Watching Alan Jackson easily work a packed Verizon Wireless Music Center on Thursday night, it's easy to see how he has won three consecutive Country Music Association Entertainer of the Year awards.

He delivers his hits and new cuts with an incredible confidence from a set that has enough video equipment to make a Las Vegas revue look sedate. Fans feel like they're in his den, not in a sprawling outdoor concert venue. Entertainers are supposed to entertain, after all, and Jackson ranks with the best.

Opener Martina McBride kicked off the night with a flourish, rising on a platform from beneath an elevated stage to sing "It's My Time." McBride is nothing if not a big-voiced belter, and she delivered the crowd-pleasing goods in a one-hour set, from "Wild Angels" to "My Baby Loves Me" to "Independence Day." A one-song encore of "When God-Fearin' Women Get the Blues" closed McBride's performance up strong.

Thirty minutes after McBride's performance ended, the black curtains that had been drawn across the stage were parted, and Jackson began "Gone Country." He and his eight-piece band, including Birmingham native Bruce Rutherford on drums, were flanked by three large video monitors and a bank of smaller monitors that broadcast both ambient footage and Jackson music videos.

When not behind his microphone stand, Jackson strode the stage in his white sleeveless shirt, carefully ripped jeans and trademark white cowboy hat, delivering hits like "Chasing that Neon Rainbow," "Little Bitty" and "Chattahoochee" while flinging a steady supply of guitar picks into the crowd. During Jackson's performance of "Pop a Top," the smaller video monitors showed footage of beer bubbles heading upward, which made the band look like they were playing in front of the world's highest-proof aquarium.
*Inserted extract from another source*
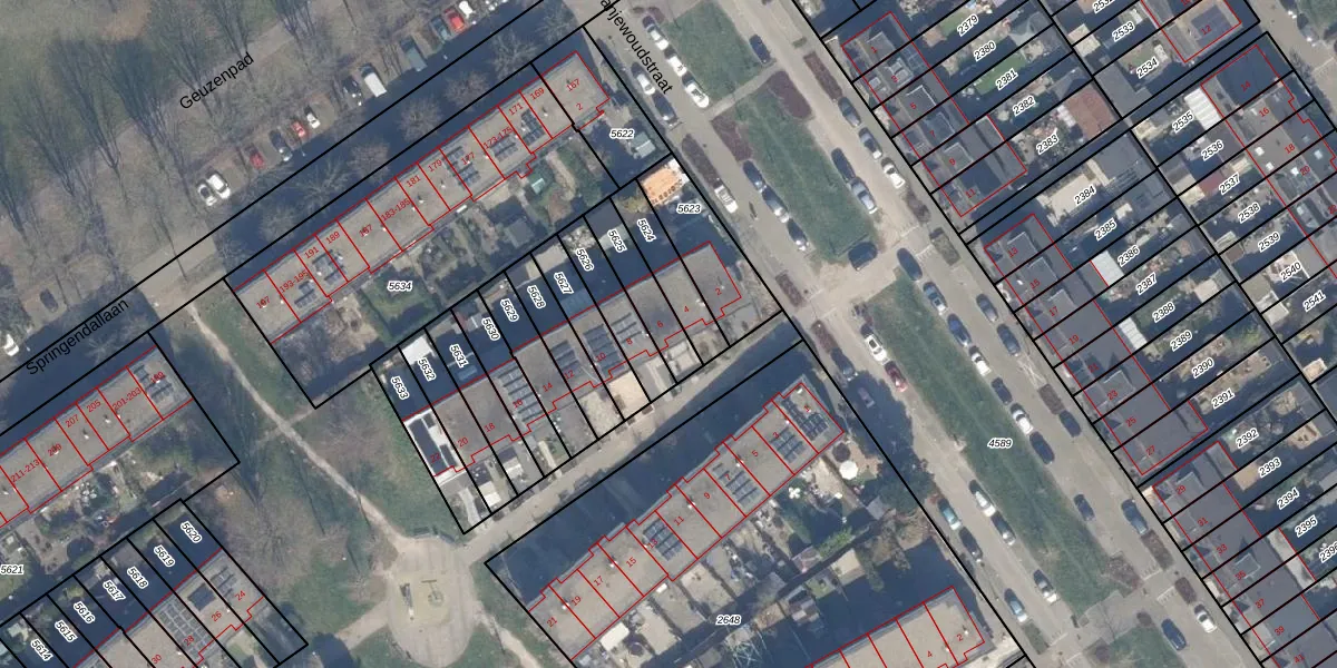 Het perceel waarop het adres ligt is AMR04-N-5625. De afkorting 'AMR04' staat voor kadastrale gemeente Almere. Het perceel is kleiner dan gemiddeld in Almere. Het perceel is 139 m² groot, terwijl het gemiddelde ligt op 3329,36 m². Het kleinste perceel in de kadastrale gemeente is 0 m² groot. De grootste perceeloppervlakte is 32,12 km². Dit is het enige adres dat aanwezig is op het perceel. In de Basisregistratie Kadaster (BRK) werden de grenzen van het perceel geregistreerd op 28-03-2000.

Crowd-wowing Birmingham images like Dreamland Barbecue, Sloss Furnaces and members of the Birmingham Fire Department played on monitors while Jackson closed out with "Where I Come From." Jackson left the stage briefly, returning for an extended performance of "Mercury Blues" that allowed his band to show their chops while Jackson signed autographs at the edge of the stage.